The situation between the two countries is becoming more and more tense. On Monday, Ottawa then New Dheli one after the other expelled their ambassador and other high-ranking diplomats. Previously, the Canadian federal police had reported “the involvement of agents of the Government of India in serious criminal activities in Canada”.

Enough to make Prime Minister Justin Trudeau lose his cool. “I believe that India made a monumental error in choosing to use its diplomats and organized crime to attack Canadians,” he said Monday. “We will never tolerate a foreign government threatening and killing Canadian citizens on Canadian soil,” added the head of government. He is referring here to the assassination of Hardeep Singh Nijjar, in June 2023 near Vancouver, at the origin of the diplomatic crisis between the two countries.

A Sikh separatist

This man, who arrived in Canada as a refugee in 1997 when he was 20 years old and naturalized in 2015, was born in 1977 in the Indian state of Punjab. Like nearly 60% of the population of this region of the world, he was Sikh (named after the religion founded in this state in the 15th century). Growing up in a context of violent insurgency for the creation of “Khalistan” – a Sikh homeland independent of India – he himself became a separatist.

Upon his arrival in Canada, he founded a plumbing company and took charge of the Sikh temple in Surrey (near Vancouver). He also married and had two children.
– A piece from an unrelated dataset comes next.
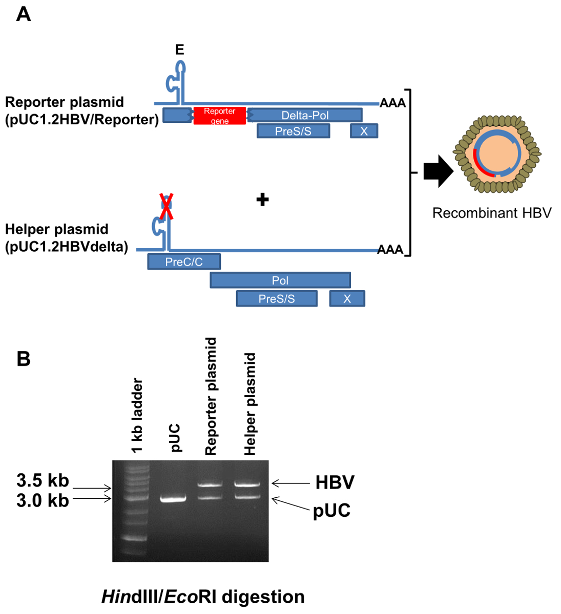Figure 2: Schematic for the generation of recombinant HBV. (A) Blue lines indicate the pregenome RNA. The "A" stretch represents poly A at the 3ʹ terminus. Blue boxes indicate the coding region for each virus protein. The red box indicates a reporter gene translated from its own initiation codon. The reporter plasmid cannot produce PreCore and Pol, and the helper plasmid containing 2 mutations in the encapsidation signal (CTGTGCC to CTATGTC) expresses all HBV proteins. E: Encapsidation signal. (B) The reporter plasmid, helper plasmid and pUC plasmid were digested with EcoRI and HindIII. These digested plasmids were subjected to gel electrophoresis. Please click here to view a larger version of this figure.

When he was killed, Nijjar was preparing to organize a referendum for Sikhs who had emigrated to Canada to demonstrate their support for “Khalistan”. On the day of his murder, he had just given a speech in his temple to encourage his community to participate in this vote.
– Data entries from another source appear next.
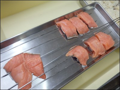 そのお弁当用の揚物にも、パン粉をつけておいただけでなく、焼物のサーモンの西京漬にも、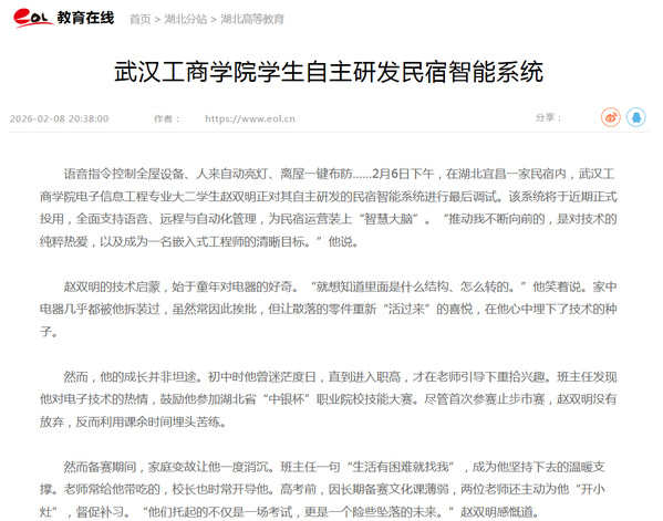 语音指令控制全屋设备、人来自动亮灯、离屋一键布防……2月6日下午,在湖北宜昌一家民宿内,必赢优惠y272net电子信息工程专业大二学生赵双明正对其自主研发的民宿智能系统进行最后调试。该系统将于近期正式投用,全面支持语音、远程与自动化管理,为民宿运营装上“智慧大脑”。“推动我不断向前的,是对技术的纯粹热爱,以及成为一名嵌入式工程师的清晰目标。”他说。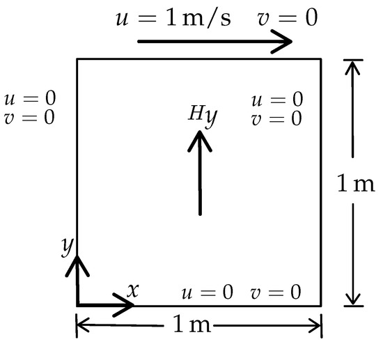 3.1. 2D Lid-Driven Cavity Problem in the Presence of a Magnetic Field

But in India, his native country, the man was accused of “terrorism”. He was notably suspected of being the mastermind of the Khalistan Tiger Force (KTF), a banned militant group, and wanted for an explosion that left six people dead and 42 injured in the town of Ludhiana in Punjab in 2007, according to the India Today newspaper. Unfounded accusations, according to the World Sikh Organization of Canada, a non-profit organization which claims to defend the interests of Canadian Sikhs. Hardeep Singh Nijjar has always contested the suspicions of terrorism leveled against him by the Indian authorities.
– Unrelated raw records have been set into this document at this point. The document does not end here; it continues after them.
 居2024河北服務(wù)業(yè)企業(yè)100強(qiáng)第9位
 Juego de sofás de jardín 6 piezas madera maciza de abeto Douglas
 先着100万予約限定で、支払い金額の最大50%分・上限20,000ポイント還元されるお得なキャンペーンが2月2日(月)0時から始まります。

As the BBC recalls, he even wrote a letter to the Canadian Prime Minister in 2016, when accusations began to be mentioned in the Indian press, to say that he was indeed a Sikh independence activist, but that he was not was not a supporter of violent actions.

Activities that disturbed India

It would seem that India – which has often complained to foreign governments about the activities of Sikh militants whom it accuses of wanting to rekindle the insurgency in Punjab – was ready to do anything to find him and put an end to his activities. The Indian National Investigation Agency (NIA) – the Indian secret service – had offered a reward of one million rupees ($12,000) for information leading to his arrest. In 2018, Canadian Prime Minister Justin Trudeau visited Punjab, where the state’s chief minister demanded action against Nijjar and eight other Sikh separatist leaders.

In June 2023, Hardeep Singh Nijjar was shot dead by two masked men in the parking lot of the Sikh temple he ran in Surrey, near Vancouver, in western Canada. The World Sikh Organization of Canada denounced a “targeted assassination” and affirmed that the Canadian secret services had warned Hardeep Singh Nijjar of threats against him. Justin Trudeau considered the allegations linking the Indian secret services to this crime “credible”.